When running CPU-intensive SWI-Prolog tests, I’ve noticed that one CPU gets 100% load, then another, typically staying with one CPU for 5-10 seconds but sometimes for less than a second; I just assumed it was a quirk of the way the Linux kernel assigns threads/processes to cores (and maybe some interaction with the time slicing – after all, there are other processes running on the machine, so if a lot of processes get wake up, the swipl process could lose affinity). There’s a taskset command; but it didn’t seem to have any effect when I tried it.

That is quite extreme. Just ran some tests. The default benchmark suite is 6% faster using the single threaded version, the famous old CHAT80 program 13%. I guess the difference also depends on the CPU and compiler. This is GCC 11 on AMD 3950X (16 cores, 32 threads).

I think the difference used to be smaller. The introduction of transactions is possibly part of the trouble because it demands a fully consistent view in each thread.

Rather than two engines, a split of some of the code that walks clause lists and checks the visibility of clauses might be an option. Although static code does use the same visibility rules as dynamic code to realize an atomic switch for reloading source files, strict consistency is probably not required, and surely not as long as no source file has been modified and reloaded. In that case we can omit the entire visibility test as all static code is visible.

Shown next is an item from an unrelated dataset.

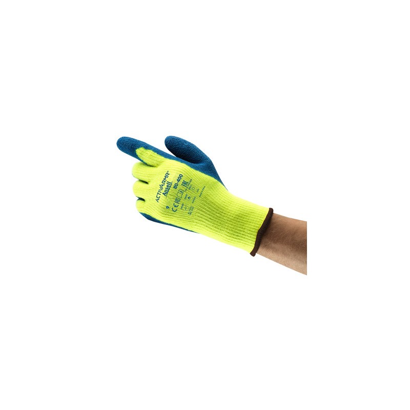 ActivArmr® 80-400 – Darbo pirštinės su fliso pamušalu, užtikrinančios saugų ir patogų darbą šalčio sąlygomis Gamintojas: Ansell Modelis: 80-400 Ankstesnis pavadinimas: Powerflex® 80-400 Kategorija: II (vidutinės rizikos asmeninės apsaugos priemonė) Padidintas matomumas: asmeninei apsaugai prastai apšviestose darbo vietose Grublėta delno danga: pagerintas sukibimas tiek drėgnose, tiek sausose sąlygose Fliso pamušalas: užtikrina efektyvią rankų apsaugą žemoje temperatūroje Aprašymas: Padidintas matomumas: šios apsauginės pirštinės suteikia apsaugą nuo įpjovimų ir dilimo prastame apšvietime, dėka vientiso ryškiai geltono kilpinio akrilo pamušalo Patobulintas sukibimas: ActivArmr® 80-400 terminės pirštinės turi ryškiai mėlynos spalvos grublėtą delno dangą, kuri užtikrina geresnį sukibimą tiek drėgnose, tiek sausose darbo sąlygose Optimizuota izoliacija: su fliso pamušalu ir natūralaus latekso danga, šios terminės darbo pirštinės apsaugo nuo temperatūros iki -15˚C/5˚F (ilgo kontakto) ir iki -30˚C/-22˚F (pertraukiamo/trumpalaikio kontakto), taip pat gali atlaikyti karštus komponentus iki 250˚C/480˚F 15 sekundžių Pažangi ergonomika: ActivArmr® 80-400 pramoninės pirštinės ergonomiškai priglunda, suteikia aukštą komforto lygį, lankstumą ir judrumą Atitinka standartus: EN 388:2016 + A1:2018 – mechaninės apsaugos įvertinimas 2 2 3 1 C EN ISO 21420:2020 – bendrieji reikalavimai apsauginėms pirštinėms Rekomenduojama naudoti: Produktų pakavimas ir krovimas Statyba Darbui žiemą lauko sąlygomis Pagrindinės pramonės šakos: Statyba Miškų ūkis
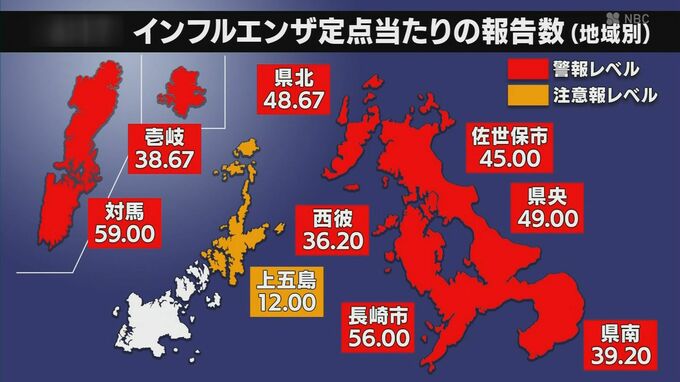 インフルエンザ患者、2週連続で減少も依然「警報レベル」 10代以下が全体の8割占める 長崎放送 2026年2月27日(金) 12:00 国内 長崎市が最多 五島を除く県内全域で「警報」 地域別で見ると、長崎市が最も多くなっています。五島を除く県内9つの地区で警報レベルとなっており、県内全域で流行が継続しています。

It would surely make sense to analyze the code on cache behavior using valgrind. I also assume that the layout of various structs is not optimal. Neither is probably their placement in memory. Possibly some linked lists should also be replaced by arrays to improve cache behavior. No clue how much there is to gain. There are surely other places were we can easily gain some performance …

I just tried my heavy backtracking program (countdown2.pl) on @jan’s machine - I saw 9% difference between threaded and non-threaded. I also saw about that same variation between sequential runs of the test with the same executable – there’s no obvious pattern. But for the PGO benchmarking, the threaded version ran about 16% faster. And, comparing Jan’s AMD 3950x vs my AMD 3700C, performance was essentially the same (for other programs, I had observed up to 3x performance difference, which I had ascribed to cache size difference … but now I’m wondering whether I made a mistake in doing the comparison).

I don’t know what to make of these numbers. I know that the CPU can do throttling based on temperature; I’ll try things out on an Intel machine to see if it shows anything interesting.

[If anyone wants to join in this, my “benchmark” uses GitHub - kamahen/nerdle: Nerdle game in Prolog and runs this test in around 27 seconds:

[countdown2]
time(forall(solve([1,3,5,10,25,50], 999, E), true)).

Benchmarking is complicated. And I’m the opposite of a meticulous experimenter/record-keeper, so I probably should re-do everything. (But not today)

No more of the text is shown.